● Exercise instructions:
Exactly and only the lines from the one containing "Medalla Colgante Escapulario" through the close of the entries below are to be set down.

○ ○ ○ ○ ○ ○ ○

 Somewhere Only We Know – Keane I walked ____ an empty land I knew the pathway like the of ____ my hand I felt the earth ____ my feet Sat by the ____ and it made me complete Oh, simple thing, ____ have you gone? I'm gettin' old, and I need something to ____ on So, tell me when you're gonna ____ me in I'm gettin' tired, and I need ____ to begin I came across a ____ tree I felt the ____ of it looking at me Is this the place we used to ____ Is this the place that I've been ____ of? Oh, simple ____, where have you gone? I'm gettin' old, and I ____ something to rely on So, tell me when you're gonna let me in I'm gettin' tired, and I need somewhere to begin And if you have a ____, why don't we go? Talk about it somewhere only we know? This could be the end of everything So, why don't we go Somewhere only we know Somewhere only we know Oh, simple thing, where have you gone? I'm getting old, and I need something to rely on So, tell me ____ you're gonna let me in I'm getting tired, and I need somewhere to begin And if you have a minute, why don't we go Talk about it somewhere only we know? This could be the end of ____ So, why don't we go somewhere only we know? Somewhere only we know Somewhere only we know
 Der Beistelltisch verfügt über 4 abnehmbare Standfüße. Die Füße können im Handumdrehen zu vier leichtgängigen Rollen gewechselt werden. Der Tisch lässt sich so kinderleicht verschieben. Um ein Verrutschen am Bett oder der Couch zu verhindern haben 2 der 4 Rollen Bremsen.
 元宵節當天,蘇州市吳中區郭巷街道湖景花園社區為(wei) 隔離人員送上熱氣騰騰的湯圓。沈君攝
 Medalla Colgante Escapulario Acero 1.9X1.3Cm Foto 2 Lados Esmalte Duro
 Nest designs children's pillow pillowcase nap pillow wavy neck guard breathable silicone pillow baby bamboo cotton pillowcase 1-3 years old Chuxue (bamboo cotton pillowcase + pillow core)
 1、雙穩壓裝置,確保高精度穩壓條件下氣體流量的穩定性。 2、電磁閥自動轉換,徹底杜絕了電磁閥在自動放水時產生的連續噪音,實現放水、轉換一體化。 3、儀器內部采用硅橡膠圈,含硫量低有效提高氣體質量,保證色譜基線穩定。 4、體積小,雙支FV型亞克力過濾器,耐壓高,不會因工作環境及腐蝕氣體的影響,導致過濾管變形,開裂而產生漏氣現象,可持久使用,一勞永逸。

○ ○ ○ ○ ○ ○ ○

● Solution to the exercise:
 Medalla Colgante Escapulario Acero 1.9X1.3Cm Foto 2 Lados Esmalte Duro
 Nest designs children's pillow pillowcase nap pillow wavy neck guard breathable silicone pillow baby bamboo cotton pillowcase 1-3 years old Chuxue (bamboo cotton pillowcase + pillow core)
 1、雙穩壓裝置,確保高精度穩壓條件下氣體流量的穩定性。 2、電磁閥自動轉換,徹底杜絕了電磁閥在自動放水時產生的連續噪音,實現放水、轉換一體化。 3、儀器內部采用硅橡膠圈,含硫量低有效提高氣體質量,保證色譜基線穩定。 4、體積小,雙支FV型亞克力過濾器,耐壓高,不會因工作環境及腐蝕氣體的影響,導致過濾管變形,開裂而產生漏氣現象,可持久使用,一勞永逸。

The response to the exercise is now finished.